Some years ago I was at a barbecue at a mate’s place in country NSW. It was one of those barbies which starts at lunchtime and finishes early the next day. Late in the afternoon I got talking to a bloke who was one of the coppers in town. He was built like the proverbial outside toilet, and was a very funny bloke. There was a bit of a lull in the conversation and he pointed to a bottle of Tabasco sauce on the table. “How much will you give me if I drink that?” he asked.

“I dunno, twenty bucks?”
“Naah, more than twenty. Fifty.”
“Thirty.”
“Alright, here goes.”
Drop by drop he necked the whole bottle. When he had finished hyper-ventilating and coughing and belching he sat back with a proud look on his face and said: “Jeez I love drinking stuff for money.” His past efforts included a 750ml bottle of soy sauce and a bottle of red wine vinegar. I gave him the thirty bucks and not long after he passed out on the lawn.
Good times. As it was in the Territory in July when Alex Bowden, 23, of Wagaman, Darwin, put a spinning “flying bee” firework in his bum crack during a party at his share house, sustaining burns to his backside and hand.
He had a reason for doing it. He was being hospitable.
“I had a few lads up from Queensland and I had to put on a good show,” he told the NT News from his hospital bed. “I just had a few beers with the boys and let off a few firecrackers. And I put one in my arse.”
As you do.
No, really. You do.
The moment any significant quantity of alcohol is involved, blokes do really stupid, dangerous stuff. All the time.
As a quick test, I invited two of the guys I sit next to at work to take part in an anonymous confessional of the dumbest things we had ever done. The three things we came up with were climbing the Sydney Harbour Bridge (while drunk, and well before Bridge Climb existed), walking like a high-wire artist across the Narara Creek sewage pipe (while drunk again), with a 50 foot drop to the rocks and earth below, and trying speed for the first and only time (while completely drunk) and then climbing up to the top of a TV tower in the Melbourne CBD.
This column is not intended to celebrate or condemn male stupidity. Rather, it seeks to describe it. A lot of these stories are funny. They are also funny because nobody died. It’s the reason the film The Hangover works so well, because save for a couple of scenes (such as stealing Mike Tyson’s pet tiger), it almost has the effect of being a documentary. Everything which happens in the film is vaguely plausible, even the scene where the bloke pulls out his own tooth (while paralytic) to prove that he really is a dentist.
There is a spectrum of male behaviour which starts with the Tabasco-drinking copper and the guy with the firework up his bum, then moves into risking your life (or somebody else’s) by getting into a fight, taking a drug on a drunken whim, climbing a bridge or a TV tower, doing some drunken circle work on a school oval in your Dad’s Commodore, playing chicken with a train, racing downhill in a shopping trolley or wheelie bin.

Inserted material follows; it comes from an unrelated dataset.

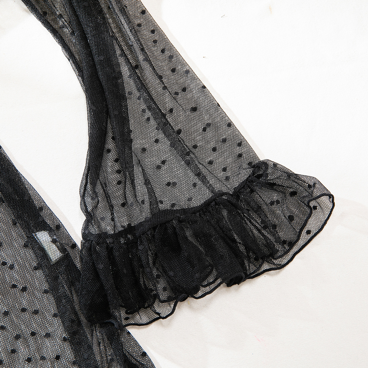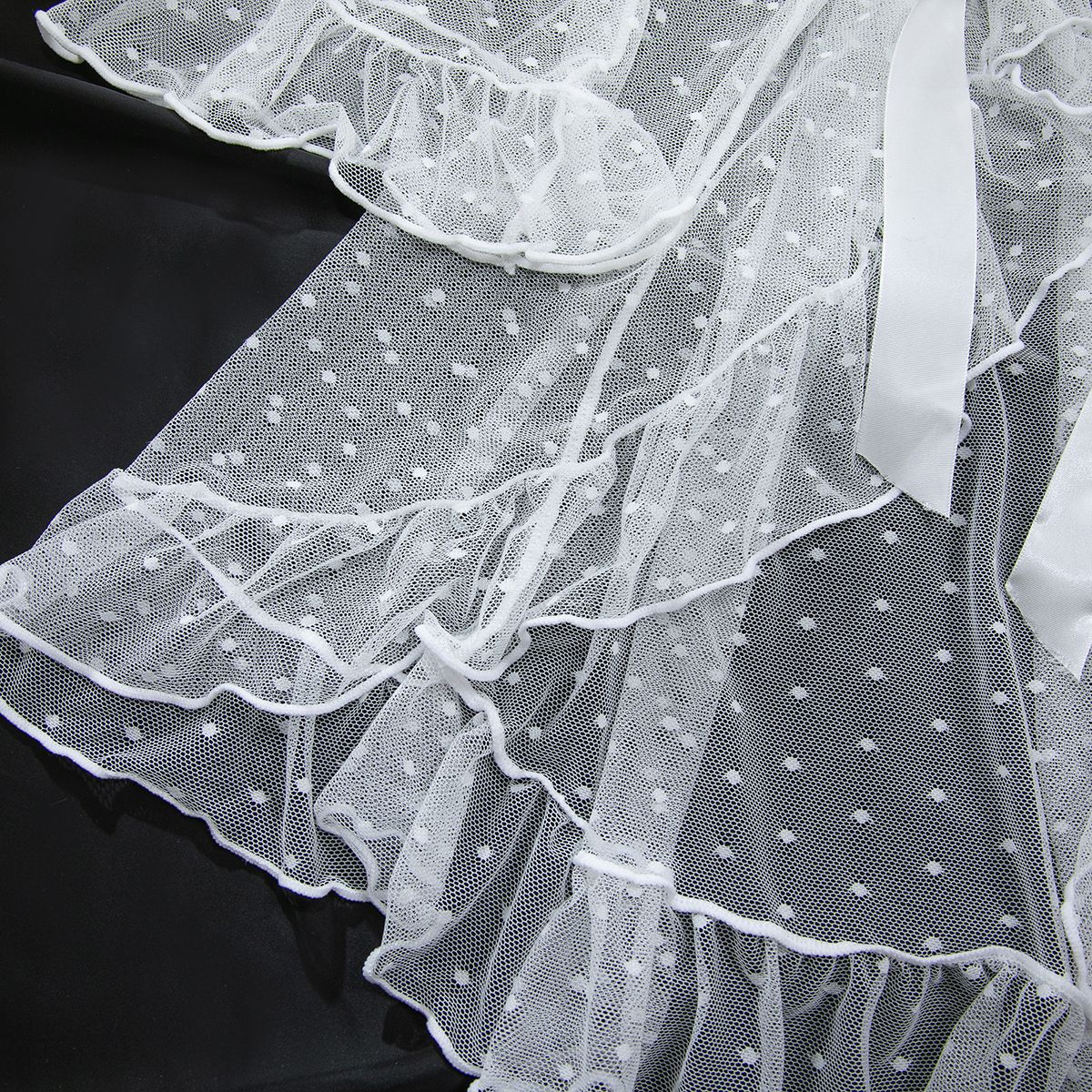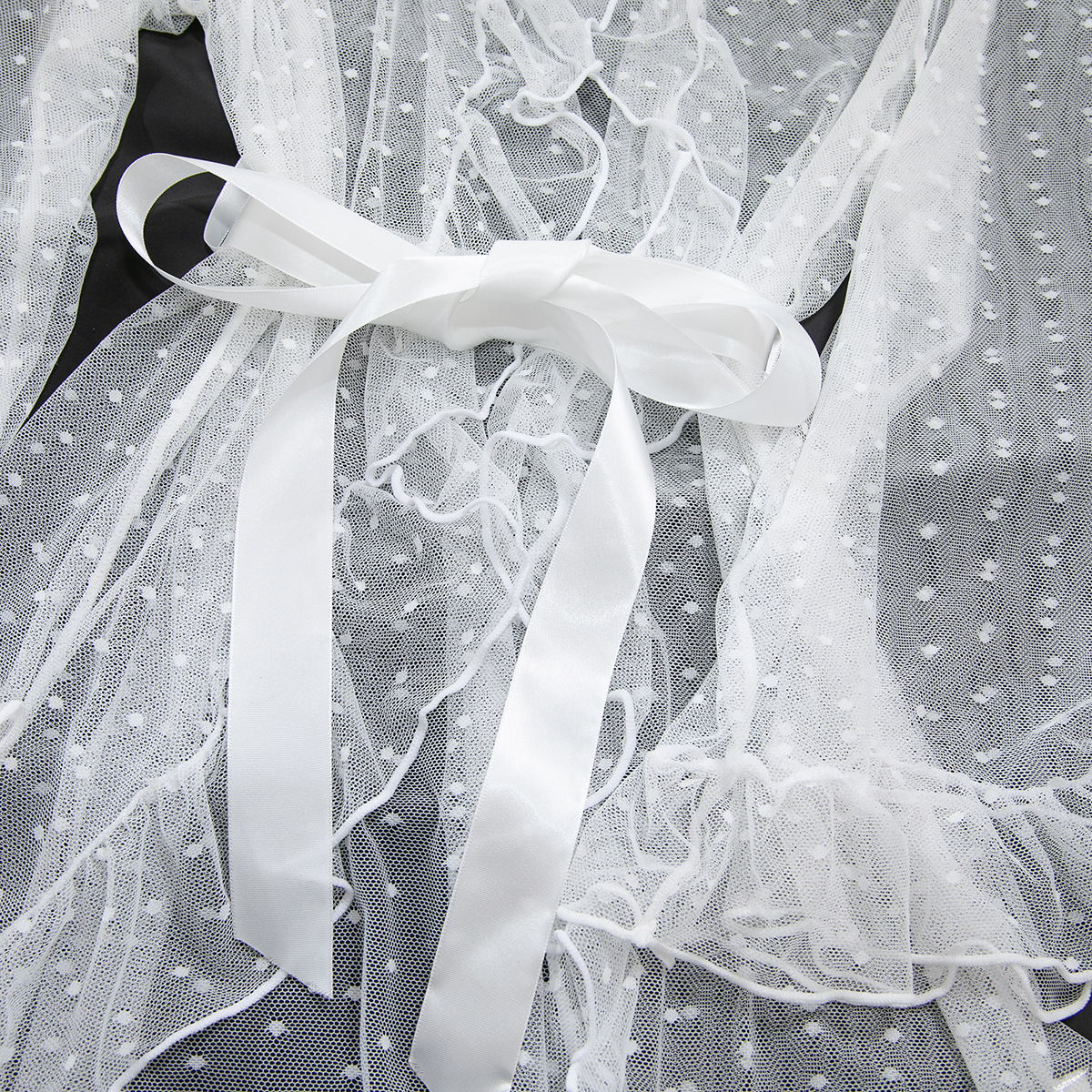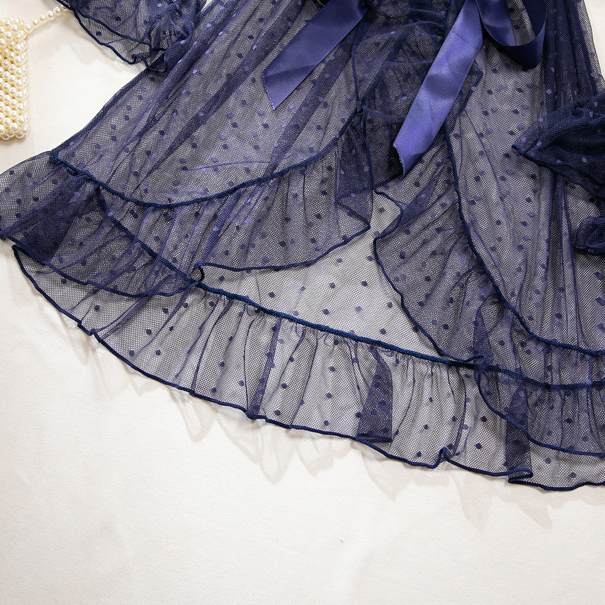Product Name Women's Sexy Polka Dot See-Through Lace Ruffle Robe Three-Piece Lingerie

It reaches its apex with events such as the death of the AFL star John McCarthy. Apologies if you believe it is too soon to discuss the circumstances of his passing. But as his former coach Mick Malthouse said this week, McCarthy’s death was a reminder that a lot of young blokes think they are Superman. While McCarthy’s death was shocking, it was not really surprising. The reality in our culture is that if he had managed to hold onto that palm tree, and was sober enough to remember doing it the next day, almost to a man he would have been hailed as a dead-set legend for pulling off such a remarkable drunken stunt. Instead he is being mourned for the great bloke he was, who died doing something which isn’t a world away from what many if not most normal Australian males will do at some drunken point in their adolescence.
Every father who has a daughter will talk half-jokingly about how on the occasion of her 13th birthday they are going to invest in a double-barrelled shotgun. It’s a sentiment with which I concur. But statistically, having a son is much scarier, because you just know that at some point in their teens or 20s they are going to do at least a couple of things which you and your mates did, your dad and his mates did, your grandpa and his mates did. If the question is how do you dumb-proof blokes, it is hard to know what the answer is. Without sounding defeatist, all you can really do is hope like hell that they remember the talks you have given them, the example you have tried to set, be it disingenuous or otherwise, and then hope and pray that the law of averages doesn’t fall their way.
One last anecdote. Years ago my Dad, a mild-mannered biochemist, was the straight man at a buck’s show. The groom had passed out and his mates thought the best way to wake him up would be to drag him down to the end of Adelaide’s Glenelg Jetty and throw him into the sea. Dad almost got his head punched in when he intervened, but with a bit of help from the less-maggoted participants managed to keep his mate dry, and probably alive.
I am not sure if the idea of the “straight man” is still the go these days. We have designated drivers, but the idea of having one unplastered person at the pub, the buck’s show or on designated days on a footy trip might not be a bad idea. Anything would be preferable to the pathetic “boys will be boys” rationalisation for the loss of young male lives.